Anyone or anything that can use the stored token may be able to access and modify Canva resources within the granted scopes.
The skill requires Canva OAuth credentials and stores reusable tokens for account access. This is expected for a Canva management integration, but users should recognize the account authority being granted.
Set scopes: `design:content` (Read + Write) ... `asset` (Read + Write) ... `profile` (Read) ... Tokens stored in `~/.clawdbot/canva-tokens.json`.
Use a dedicated Canva integration with only the scopes you need, keep the token file private, and run `auth logout` if you no longer use the skill.
A mistaken command could create unwanted Canva resources or move/delete Canva designs or assets.
The skill exposes commands that can mutate or remove Canva account content. The commands are clearly documented and purpose-aligned, but they can have account-level effects if invoked on the wrong item.
`designs delete <id>` | Move design to trash ... `assets delete <id>` | Delete asset ... `folders create <name>` | Create folder
Review design, asset, and folder IDs before running write or delete commands, and ask the agent to confirm destructive operations.

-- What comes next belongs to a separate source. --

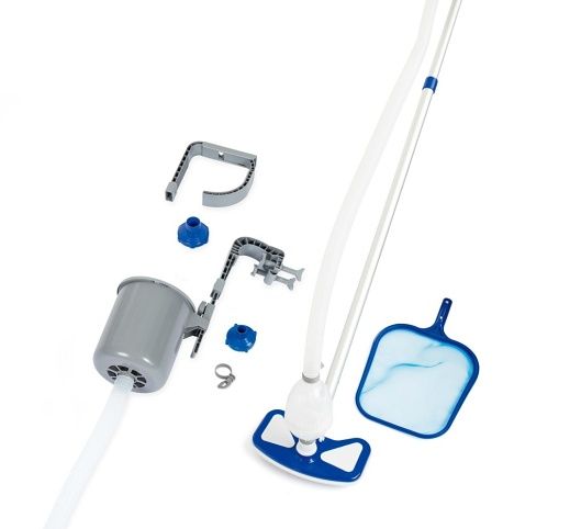 Set obsahuje: povrchový skimmer na listy, který výrazně usnadňuje čištění bazénu. Bazénový vysavač na stěny a podlahu bazénu. Skimmer na manuální odstranění plovoucích nečistot. Nastavitelná násada (279 cm)
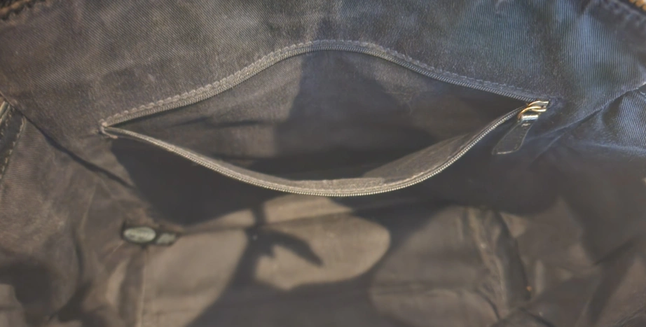 Black leather tote bag with gold hardware. Interior features a zippered pocket and a slip pocket.

The skill may fail or behave differently depending on the local versions of these tools.
The skill has no install spec or required-binary declarations, but the script depends on several local command-line tools. This is not suspicious by itself, but it is relevant for review and reproducibility.
`curl -s -X POST`, `jq -r`, `openssl rand -hex 16`, `python3 << PYEOF`
Install and use trusted versions of curl, jq, openssl, and python3, and review the included script before authenticating.